‘Gruwelijke rekeningen’
In een verklaring, OHCHR Woordvoerster Ravina Shamdasani zei dat interviews met mensen die de gedecimeerde stad El-Geneina ontvluchtten, « gruwelijke verslagen » hebben onthuld van mensen die te voet werden gedood door de door de RSF gesteunde militie.
« Alle geïnterviewden spraken ook over het zien van dode lichamen verspreid over de weg – en de stank van ontbinding », zei ze. “Verschillende mensen zeiden dat ze tientallen lichamen hadden gezien in een gebied dat Shukri wordt genoemd, ongeveer 10 km van de grens, waar naar verluidt een of meer Arabische milities een basis hebben.”
Ze zei dat onmiddellijke actie om de moorden te stoppen essentieel was.
“De Hoge Commissaris voor de Mensenrechten roept de leiding van de RSF op om het moorden onmiddellijk en ondubbelzinnig te veroordelen en te stoppen van mensen die El-Geneina ontvluchten, en ander geweld en haatzaaiende uitlatingen tegen hen op basis van hun etniciteit. Degenen die verantwoordelijk zijn voor de moorden en ander geweld moeten ter verantwoording worden geroepen.”
Veilige doorgang
Ze voegde eraan toe dat mensen El-Geneina ontvluchtten moet een veilige doorgang gegarandeerd zijn en humanitaire organisaties hebben toegang tot het gebied verleend, zodat ze de lichamen van de doden kunnen verzamelen.
“Van de 16 mensen die we tot nu toe hebben kunnen interviewen, hebben er 14 getuigd dat ze getuige geweest van standrechtelijke executies en het beschieten van groepen burgers op de weg tussen El-Geneina en de grens – ofwel het schieten van dichtbij op mensen die op de grond moesten liggen, ofwel het openen van het vuur op menigten.”
De uittocht van burgers uit de stad nam toe na de moord op de gouverneur van de staat op 14 juni slechts enkele uren nadat hij de RSF en milities beschuldigde van “genocide” – wat het schrikbeeld deed rijzen van de honderdduizenden doden tussen 2003-2005 tijdens een door de regering georkestreerde campagne van geweld.

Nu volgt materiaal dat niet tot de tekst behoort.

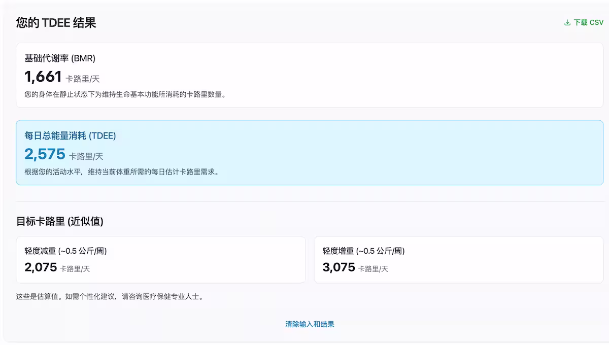 减脂的话,基于TDEE制造热量缺口是最有效的方法。每天500-750卡的缺口,每周能减1-2磅,这既安全又可持续。计算器会自动算出这些数值,帮你设定现实目标。
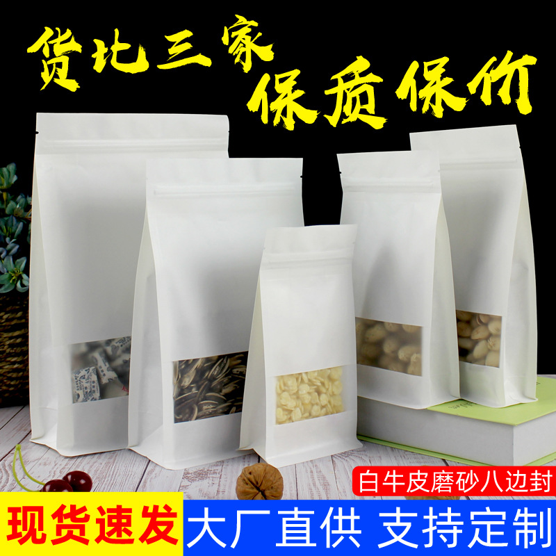 茶叶八边封袋食品开窗白色牛皮纸袋磨砂自立自封袋狗粮包装袋批发
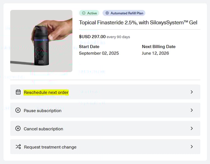 You will be brought to a new page with your following billing date information. Select your preferred refill billing date from this page and confirm it by clicking 'Reschedule order'.
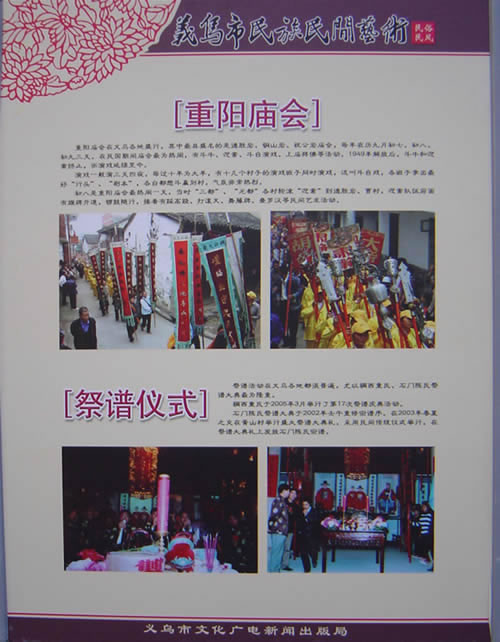 新形势下,非物质文化遗产保护工作怎么进行?这是个新课题,也是个难题。现在义乌市对非物质文化遗产项目的保护主要有两种:一种是活态的保护,如民间手艺类,政府鼓励有一技之长的老艺人带徒学艺,采取措施,给予扶持或给予一定的补贴;而表演艺术类,则尽量把他和老百姓的民俗活动、节庆活动以及商贸活动结合起来,使之成为老百姓生活的一部分。同时,政府通过组织,搭建平台,推动群众文化活动,让他们得以表现,得以传承。另一种就是将当地有代表性的非遗项目,编入乡土教材。通过学校教育、传授相关知识技艺,培养少年儿童对民族传统文化的感情,了解什么是中华民族文化。而今首先要做的,就是动用各种手段,如用文字、图片、音像等把它完整记录下来,保存起来,展示出来,使之在我们建设社会主义先进文化的过程中依然能够发挥不可替代的作用,并体现出深远的历史价值和研究价值。
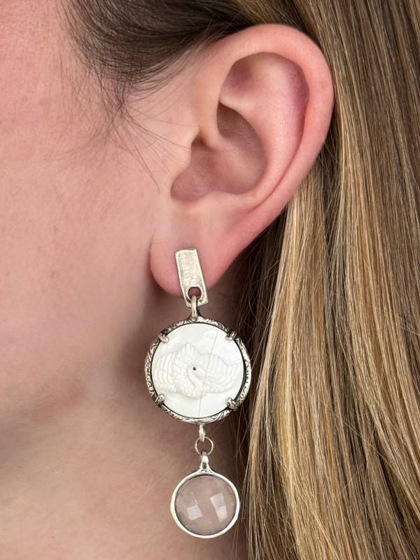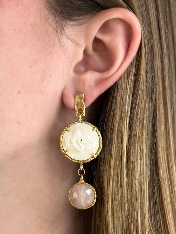 Długie kolczyki, w których zaklęta jest energia natury i kobiecej intuicji. Różowy kwarc, uznawany za kamień serca, współgra z ręcznie rzeźbionym elementem poroża, tworząc duet, który celebruje połączenie siły i subtelności. Dzięki zapięciu na sztyft są wygodne w noszeniu, a ich elegancka forma sprawia, że będą doskonałym wyborem zarówno na co dzień, jak i na wyjątkowe okazje. Ponadto wydłużona forma kolczyków wysmukla szyję. To biżuteria, która noszona blisko ciała, przypomina o wewnętrznej harmonii i odrodzeniu.

Mevrouw Shamdasani zei dat de getuigenissen melding maakten van moorden die plaatsvonden op 15 en 16 juni, maar ook in de afgelopen week.
Dodelijke haatspraak
« We begrijpen dat de moorden en ander geweld doorgaan en gepaard gaan met aanhoudende haatzaaiende uitlatingen tegen de Masalit-gemeenschap, inclusief oproepen om hen te doden en hen uit Soedan te verdrijven. »
Een 37-jarige vertelde de VN dat van zijn groep van 30 mensen die naar de grens met Tsjaad vluchtten, slechts 17 haalden de overkantaldus de woordvoerder.
“Sommigen werden gedood nadat ze onder vuur kwamen te liggen van voertuigen van de RSF en ‘Arabische’ milities nabij de grens met Tsjaad, terwijl anderen standrechtelijk werden geëxecuteerd, zei hij. Degenen die het overleefden, werden hun telefoons en geld afgenomen door gewapende mannen die riepen: ‘Jullie zijn slaven, jullie zijn Nuba’”.
Een 22-jarige vrouw gaf soortgelijke verslagen van moorden. Ze vertelde hoe een zwaargewonde jongeman op de grond moest worden achtergelaten: “We moesten hem achterlaten omdat we maar één ezel bij ons hadden”.
“El-Geneina is onbewoonbaar geworden”, zei mevrouw Shamdasani terwijl de essentiële infrastructuur werd vernietigd en de verplaatsing van humanitaire hulp naar de stad werd geblokkeerd.
“We dringen aan op de onmiddellijke oprichting van een humanitaire corridor tussen Tsjaad en El-Geneina, en veilige doorgang voor burgers uit door de vijandelijkheden getroffen gebieden.”